Plain radiographs of the lumbosacral spine
Musculoskeletal system
Case TypeClinical Cases
Authors
B. Sankar, V. Kamath, M.S. Bell
Patient54 years, male
The patient presented with a five-year history of low back pain which had become very severe and constant over the past ten days. The pain was mechanical in nature and he was unable to sleep due to the pain. There was associated radicular pain in the distribution of the first left sacral nerve root, but no symptoms relating to the bowel or bladder. Physical examination revealed mild tenderness in the upper aspect of the sacrum. Neurological and digital rectal examinations were normal.

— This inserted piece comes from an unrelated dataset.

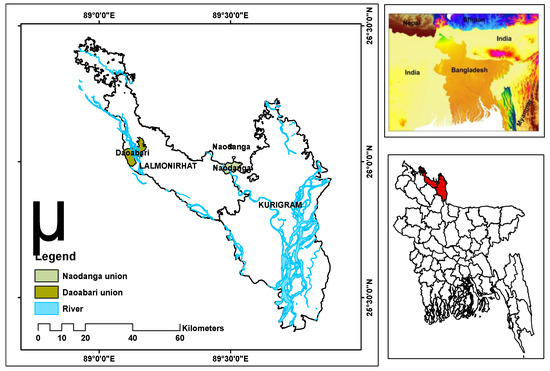 The present study was performed at the Phulbari and Hatibandha Upazilas in the Kurigram and Lalmonirhat districts of the northern region of Bangladesh, respectively. The area is geographically situated within 25 adaptation strategies. suste and 89°0′0″ E to 89°3′0″ E longitude (Figure 2). Then, four villages from these two Upazlias were selected for data collection while considering three aspects: (i) these villages, situated on the bank of the Teesta and Dharla Rivers, are highly vulnerable to flooding, and every year enormous floods occur in this area; (ii) the levels of severity of riverbank erosion that was recognized through an extensive review of the reports in newspapers and in consultation with local-level field experts; and (iii) the intensity of heatwaves and droughts in the dry period that was acknowledged by the review of a scientific journal and discussion with local people [37]. Char Gorok Mondol and Asiyar Bazar of Phulbari Upazila, East Daoabari, and North Daoabari of Hatibandha Upazila were selected for this research based on the aforementioned aspects.

The patient presented with a five-year history of low back pain which had become very severe and constant over the past ten days. The pain was mechanical in nature and he was unable to sleep due to the pain. There was associated radicular pain in the distribution of the first left sacral nerve root, but no symptoms relating to the bowel or bladder. Physical examination revealed mild tenderness in the upper aspect of the sacrum. Neurological examination was normal and so was digital rectal examination. His haematological and biochemical blood parameters and urinalysis were within normal limits. The patient was admitted for pain relief and further investigations.
Plain radiographs of the lumbo-sacral spine (Fig. 1) did not reveal any significant abnormality. A CT scan revealed a lesion in the body of the first sacral vertebra extending into the left lateral mass with encroachment of the spinal canal and compression of the cauda equina and bilateral first sacral nerve roots (Fig. 2). A CT-guided biopsy of the lesion was performed (Fig. 3). The patient's serum electrophoresis was normal and his urine was negative for Bence Jones proteins. There were no hot spots on his bone scan (Fig. 4), but the lower sacrum was not visible as he failed to empty the bladder. Five days later the histopathology of the lesion came back as plasma cell neoplasia. A skeletal survey did not reveal any abnormality other than degenerative changes in the lumbar spine. Bone marrow aspiration cytology from the iliac crest was also within normal limits. This being a solitary plasmacytoma in the sacrum with no bone marrow involvement, he was treated with radiotherapy to the lesion.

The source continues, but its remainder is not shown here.